Work instruction
Your answer must be the exact lines below, starting with the line with "La celebración del" and going on through the line with "The landscaped rear", both included, with no pictures.

Records for the task
━━━
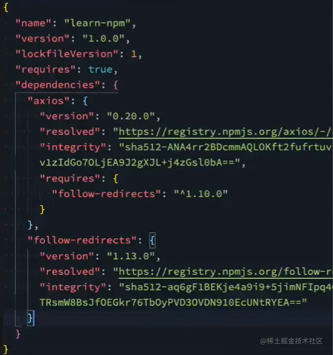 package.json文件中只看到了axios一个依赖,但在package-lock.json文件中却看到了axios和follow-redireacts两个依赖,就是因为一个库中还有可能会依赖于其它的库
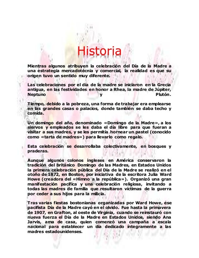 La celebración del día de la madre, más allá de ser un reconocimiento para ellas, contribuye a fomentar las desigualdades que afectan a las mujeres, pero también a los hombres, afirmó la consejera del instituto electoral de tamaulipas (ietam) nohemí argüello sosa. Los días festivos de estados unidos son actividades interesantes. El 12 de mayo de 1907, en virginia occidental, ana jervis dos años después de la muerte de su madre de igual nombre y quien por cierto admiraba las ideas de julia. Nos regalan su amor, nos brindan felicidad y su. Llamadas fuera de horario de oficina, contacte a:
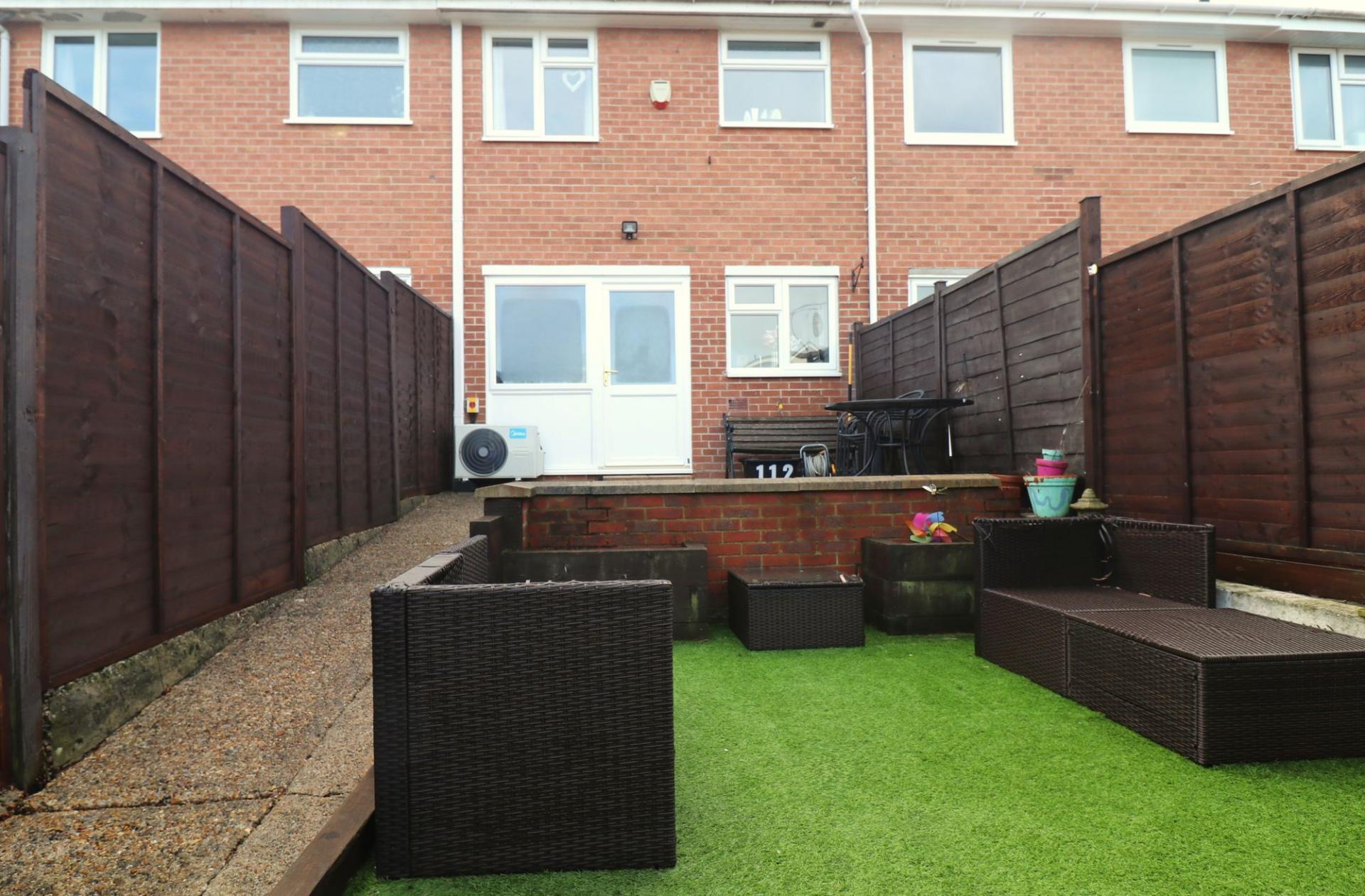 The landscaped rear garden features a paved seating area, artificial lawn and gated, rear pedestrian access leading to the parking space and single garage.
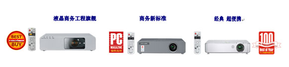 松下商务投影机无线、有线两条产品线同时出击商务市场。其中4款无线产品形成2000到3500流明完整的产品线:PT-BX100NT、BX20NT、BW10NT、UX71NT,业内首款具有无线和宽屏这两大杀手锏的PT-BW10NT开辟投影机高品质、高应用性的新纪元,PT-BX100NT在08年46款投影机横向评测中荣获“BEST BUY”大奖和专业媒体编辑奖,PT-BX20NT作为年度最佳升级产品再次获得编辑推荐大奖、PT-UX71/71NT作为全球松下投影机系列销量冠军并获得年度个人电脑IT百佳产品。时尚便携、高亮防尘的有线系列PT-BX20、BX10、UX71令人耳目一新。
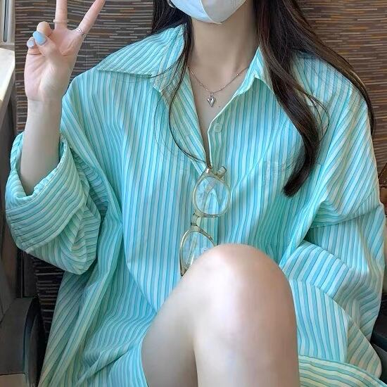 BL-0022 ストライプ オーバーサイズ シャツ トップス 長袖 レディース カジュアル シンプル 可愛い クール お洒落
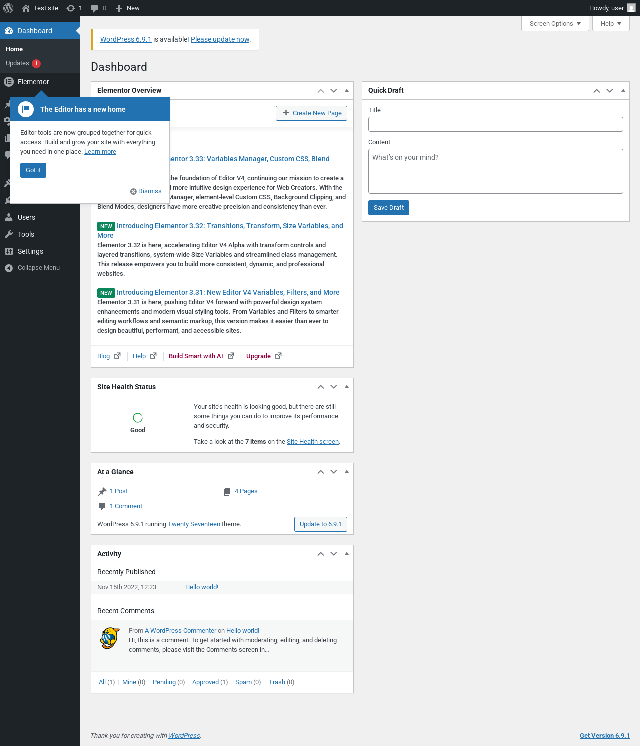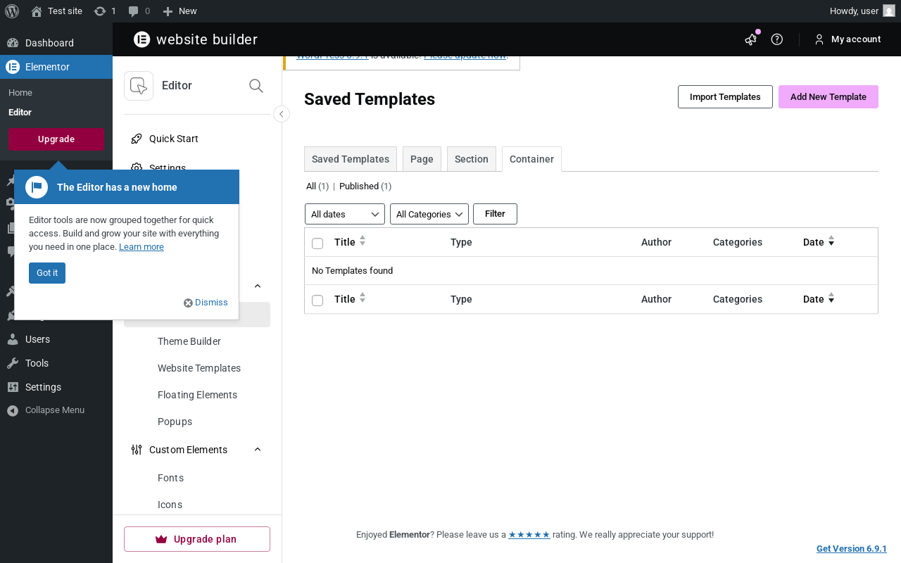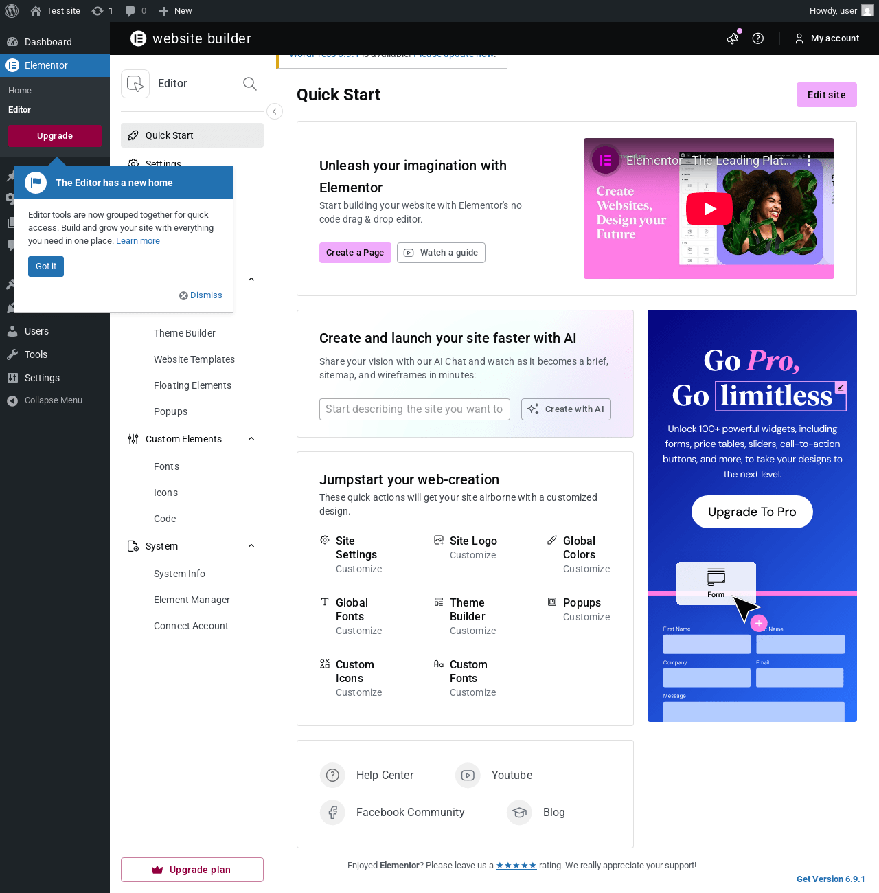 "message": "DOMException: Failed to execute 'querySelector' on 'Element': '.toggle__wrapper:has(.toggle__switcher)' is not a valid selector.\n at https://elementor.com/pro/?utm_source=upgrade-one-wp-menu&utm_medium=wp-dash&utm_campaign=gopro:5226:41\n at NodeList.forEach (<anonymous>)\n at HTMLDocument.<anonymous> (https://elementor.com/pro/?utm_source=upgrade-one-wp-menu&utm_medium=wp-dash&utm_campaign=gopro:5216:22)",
━━━
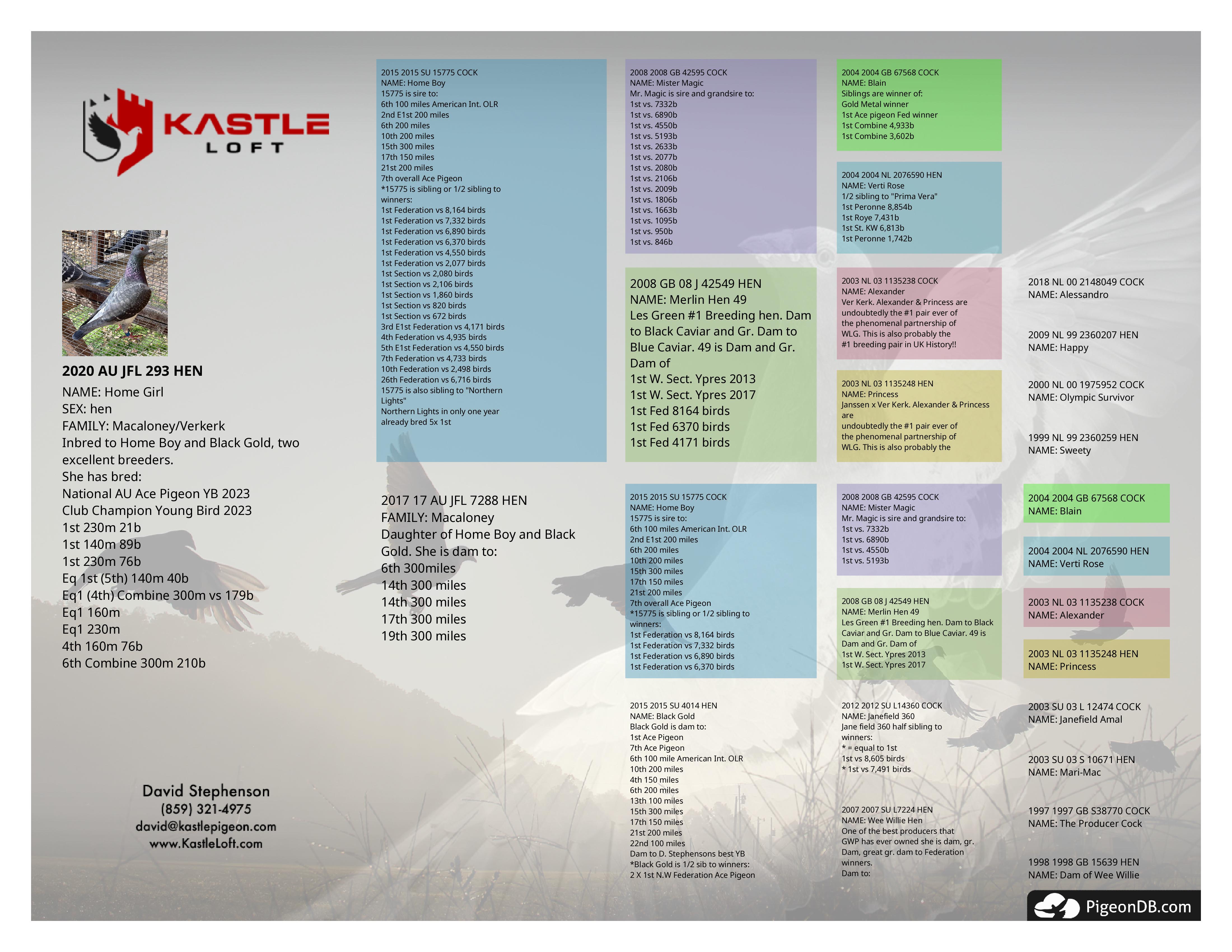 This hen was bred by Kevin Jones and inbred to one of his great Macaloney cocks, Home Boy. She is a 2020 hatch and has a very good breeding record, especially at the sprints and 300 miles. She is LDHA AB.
━━━
Exercise solution
 La celebración del día de la madre, más allá de ser un reconocimiento para ellas, contribuye a fomentar las desigualdades que afectan a las mujeres, pero también a los hombres, afirmó la consejera del instituto electoral de tamaulipas (ietam) nohemí argüello sosa. Los días festivos de estados unidos son actividades interesantes. El 12 de mayo de 1907, en virginia occidental, ana jervis dos años después de la muerte de su madre de igual nombre y quien por cierto admiraba las ideas de julia. Nos regalan su amor, nos brindan felicidad y su. Llamadas fuera de horario de oficina, contacte a:
 The landscaped rear garden features a paved seating area, artificial lawn and gated, rear pedestrian access leading to the parking space and single garage.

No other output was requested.